EXERCISE REQUIREMENTS:
Using the data below, reproduce exactly the lines from the line with "Almost new, gently" to the line with "Schwangerschaftskurse in Südtirol", both included; pictures must be dropped.
━━━━━━━━━━━━━━━━━━━━━━━━━━━━━━
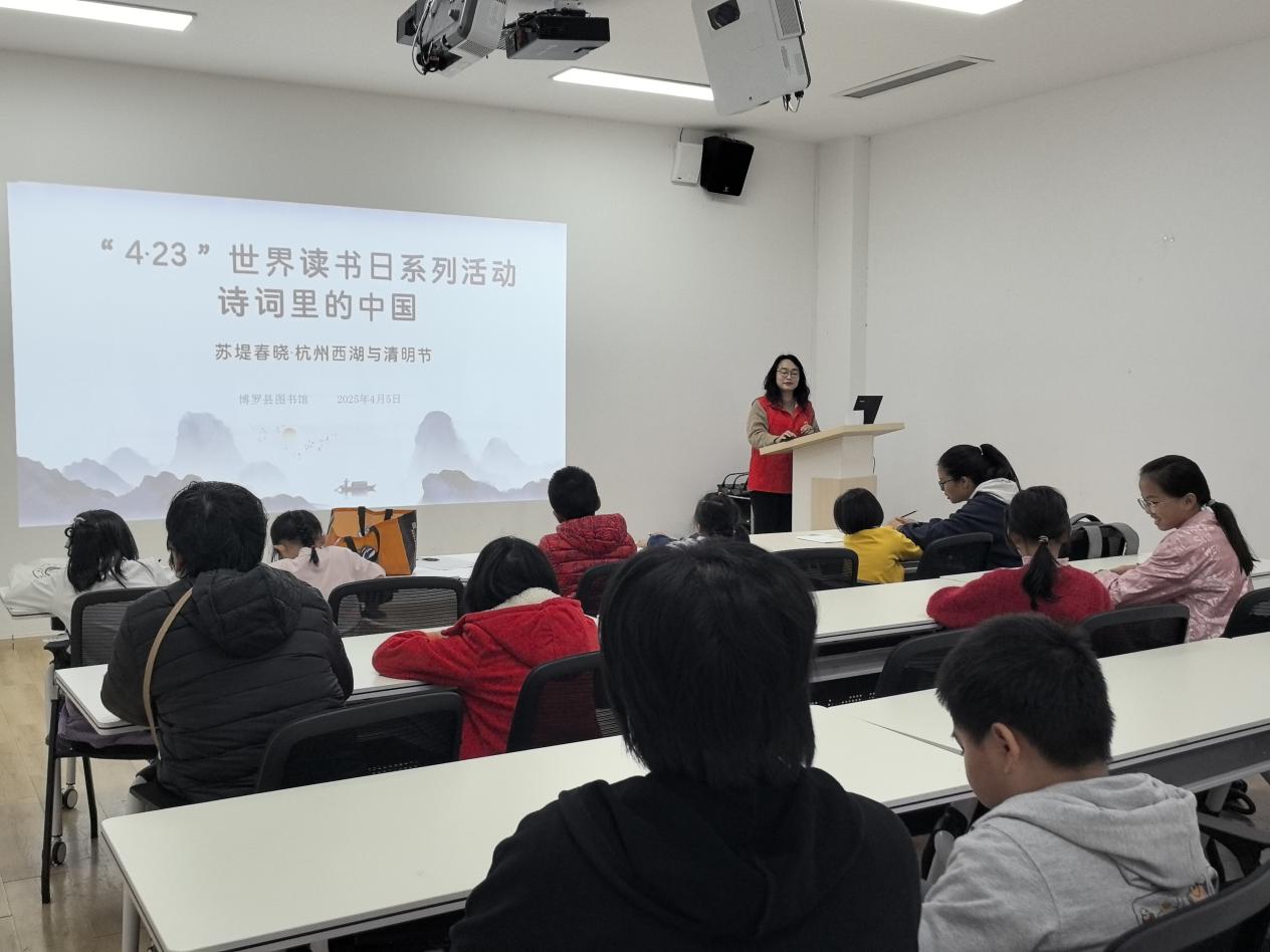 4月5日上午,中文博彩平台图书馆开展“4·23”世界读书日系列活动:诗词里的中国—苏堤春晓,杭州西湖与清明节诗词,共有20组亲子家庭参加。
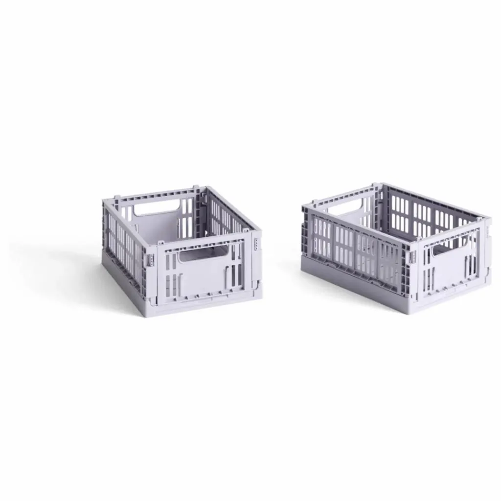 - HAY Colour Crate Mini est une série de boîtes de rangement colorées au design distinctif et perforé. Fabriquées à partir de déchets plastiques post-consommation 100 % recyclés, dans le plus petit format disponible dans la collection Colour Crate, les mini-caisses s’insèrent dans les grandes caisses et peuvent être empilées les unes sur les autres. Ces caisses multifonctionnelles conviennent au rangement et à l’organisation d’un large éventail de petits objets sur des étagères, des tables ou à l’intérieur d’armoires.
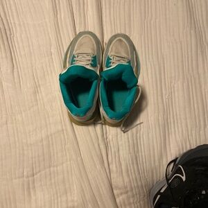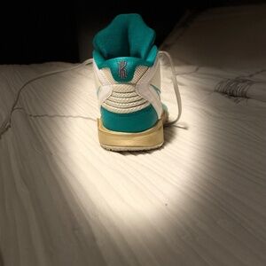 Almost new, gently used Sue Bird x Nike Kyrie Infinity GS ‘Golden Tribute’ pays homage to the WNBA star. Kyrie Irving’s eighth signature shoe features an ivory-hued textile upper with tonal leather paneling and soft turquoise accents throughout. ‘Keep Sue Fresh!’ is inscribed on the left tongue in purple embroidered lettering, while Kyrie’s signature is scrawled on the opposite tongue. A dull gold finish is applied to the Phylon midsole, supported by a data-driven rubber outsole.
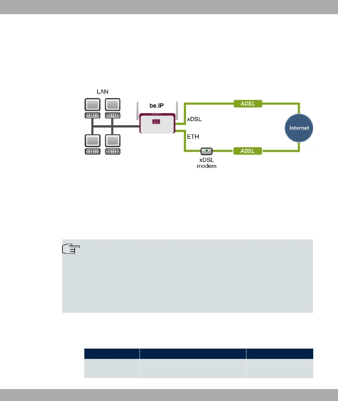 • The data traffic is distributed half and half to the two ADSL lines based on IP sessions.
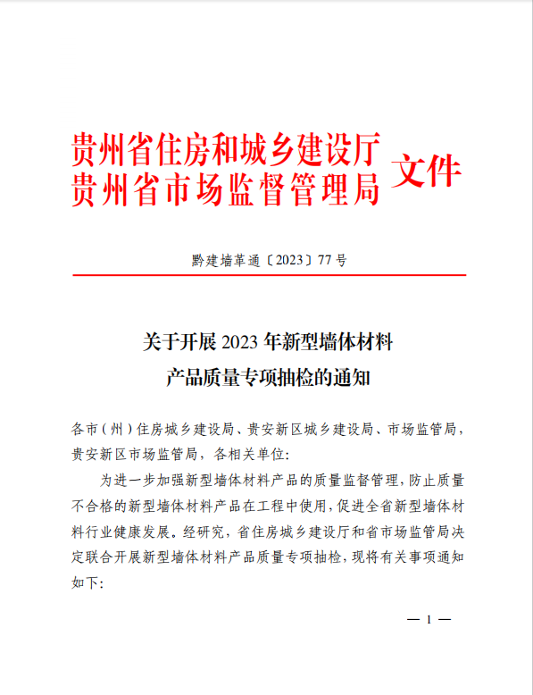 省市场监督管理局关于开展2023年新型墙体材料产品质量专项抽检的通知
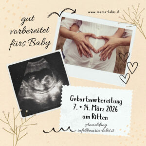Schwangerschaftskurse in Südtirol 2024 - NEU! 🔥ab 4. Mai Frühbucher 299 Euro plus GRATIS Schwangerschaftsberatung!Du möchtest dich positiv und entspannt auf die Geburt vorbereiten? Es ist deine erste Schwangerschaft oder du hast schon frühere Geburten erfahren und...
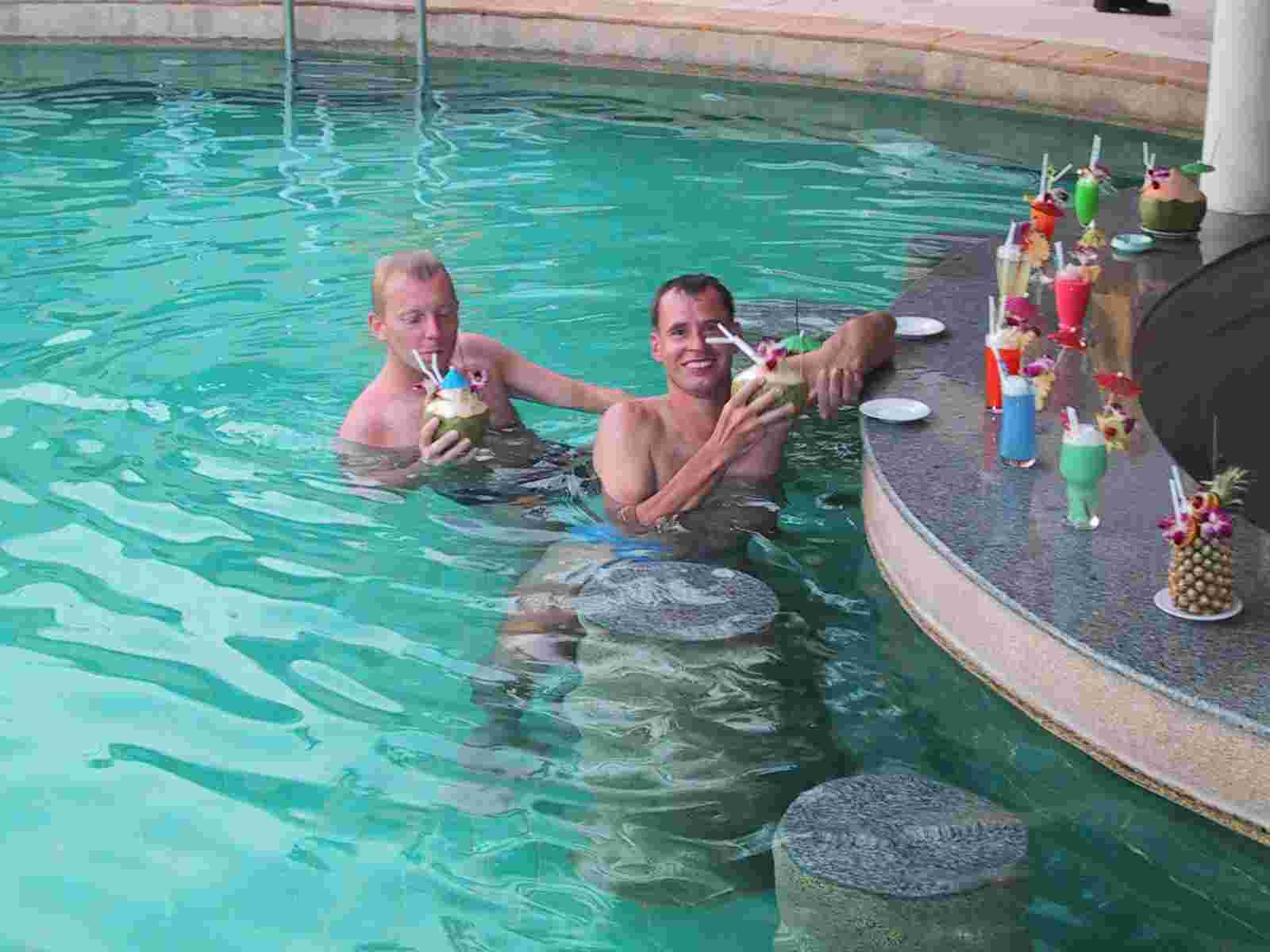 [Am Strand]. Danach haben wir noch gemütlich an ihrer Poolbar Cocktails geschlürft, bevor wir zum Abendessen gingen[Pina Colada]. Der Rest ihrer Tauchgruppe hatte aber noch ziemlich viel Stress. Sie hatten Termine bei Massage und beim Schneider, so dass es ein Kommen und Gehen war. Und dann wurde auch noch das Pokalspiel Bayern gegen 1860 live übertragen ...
━━━━━━━━━━━━━━━━━━━━━━━━━━━━━━
PROBLEM SOLUTION:
 Almost new, gently used Sue Bird x Nike Kyrie Infinity GS ‘Golden Tribute’ pays homage to the WNBA star. Kyrie Irving’s eighth signature shoe features an ivory-hued textile upper with tonal leather paneling and soft turquoise accents throughout. ‘Keep Sue Fresh!’ is inscribed on the left tongue in purple embroidered lettering, while Kyrie’s signature is scrawled on the opposite tongue. A dull gold finish is applied to the Phylon midsole, supported by a data-driven rubber outsole.
 • The data traffic is distributed half and half to the two ADSL lines based on IP sessions.
 省市场监督管理局关于开展2023年新型墙体材料产品质量专项抽检的通知
Schwangerschaftskurse in Südtirol 2024 - NEU! 🔥ab 4. Mai Frühbucher 299 Euro plus GRATIS Schwangerschaftsberatung!Du möchtest dich positiv und entspannt auf die Geburt vorbereiten? Es ist deine erste Schwangerschaft oder du hast schon frühere Geburten erfahren und...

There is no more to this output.